To evaluate changes in the complication rates during the COVID-19 pandemic, we compared the rates of specific complications in 2020 with those in other years of admission (Table 3). The rates of AKI were 33.3% and 57% in the pre-COVID-19 and COVID-19 periods, respectively. In the overall cohort, cerebral edema and cerebral infarction, the most serious complications of DKA, were recorded in only one patient in 2020. The patient was unable to recover from stupor. All six (50%) patients who exhibited altered mental status before the COVID-19 pandemic were drowsy and all achieved consciousness after treatment. There were no deaths during the four-year study period.

Table 3.

Complications of Patients with Diabetic Ketoacidosis Before and After the COVID-19 Pandemic

Before COVID-19 (n = 12) After COVID-19 (n = 7) Total(n = 19) p value
AKI 4 (33.3) 4 (57.1) 8 (42.1) 0.432
CVA 0 (0.0) 1 (14.3) 1 (5.3) 0.650
Altered mental status 6 (50.0) 1 (14.3) 7 (36.8) 0.227

Note: Patients included in the “Before COVID-19” group were added from 2017 to 2019, “After COVID-19” patients were a record for half a year in 2020.

Abbreviations: AKI, acute kidney injury; COVID, coronavirus disease; CVA, cerebrovascular attack.

Changes in the Rate of DKA in Jeonbuk

During the first 6 months of the year between 2017 and 2019 before the COVID-19 pandemic, there were about 1000 and 2000 pediatric patients who were admitted to the ERs of Wonkwang University and Chonbuk National University Hospitals, respectively. The number of pediatric patients admitted to the study ERs precipitously declined to less than 1000 after the COVID-19 outbreak. In contrast, the number of patients admitted to the study ERs for DKA was highest in 2020 and the ratio of patients with DKA to all pediatric patients admitted to the study ERs was 0.459%, which was more than twice the average rate of 0.206% (Figure 1).
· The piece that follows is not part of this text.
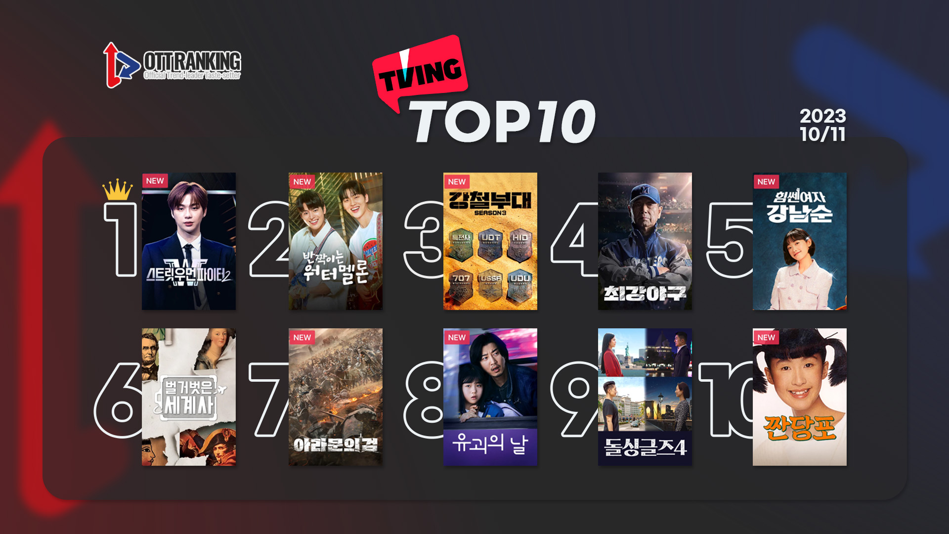 티빙(TVING) 1위는 Mnet <스트릿 우먼 파이터2>(이하 스우파2)다. 10일 방송에서는 가수 화사의 신곡 ‘칠리’(Chili) 안무 창작 미션에 임하는 여섯 크루의 도전기가 그려졌다. 이번 미션의 주요 변수로 꼽혔던 ‘챌린지 가산점’은 원밀리언에게 주어졌고, 결국 원밀리언은 승리 크루가 됐다. 한편 이날 방송 말미에는 결승전으로 향하는 마지막 관문 배틀 퍼포먼스 미션도 공개됐다. 크루 대 크루가 맞붙는 방식으로 진행되는 해당 미션은 직전 퍼포먼스 대중평가 중간 순위에 따라 잼리퍼블릭 vs 레이디바운스, 베베 vs 울플러, 원밀리언 vs 마네퀸으로 대진표가 결정됐다. 화사의 신곡 안무 시안 미션과 배틀 퍼포먼스 미션의 합산 점수를 통해 파이널 진출 4크루가 가려지게 된다. 아시안게임 여파에 1.9%까지 밀려났던 TV 시청률을 다시 2.2%로 회복한 <스우파2>가 파이널 무대까지 거침없는 상승세를 이어 갈 수 있을지 이목이 쏠린다.

The ratio of pediatric patients with DKA admitted to the study ERs also increased in 2020 although the population in Jeonju, Iksan, and Jeonbuk steadily decreased from 2017 to 2020. Specifically, the ratio of patients with DKA admitted to the study ERs to the population of Jeonbuk was 0.00141% in 2020, which was higher than the average of 0.0009% (Figure 2).

Figure 1.

Figure 1

Trends in the rate of admittance to the ER between patients with DKA and all pediatric patients in two university hospitals.

Abbreviations: CNUH, Chonbuk National University Hospital; DKA, diabetic ketoacidosis; ER, emergency room; WKUH, Wonkwang University Hospital.

Figure 2.

Figure 2

Trends in the rate of patients with DKA patients within the population of Jeollabuk-do before and after the COVID-19 pandemic.

Abbreviation: DKA, diabetic ketoacidosis.

Discussion

This study assessed the trend of DKA among children during the first half of the pandemic. Considering the seasonal variations, patients admitted from January to June of each year were included. In Korea, about 300 pediatric patients with type 1 DM were admitted from 2008 to 2016, and the monthly incidence did not significantly differ even though there were more patients in March, April, and June and less in November and December.8 Based on this information, the study included data obtained in March, April, and June, when the occurrence of pediatric patients with type 1 DM is high. At the same time, the overall survey was not performed from January to December. However, considering that the patients have been evenly distributed every month within the last 10 years, the annual trend can be analyzed via a 6-month survey.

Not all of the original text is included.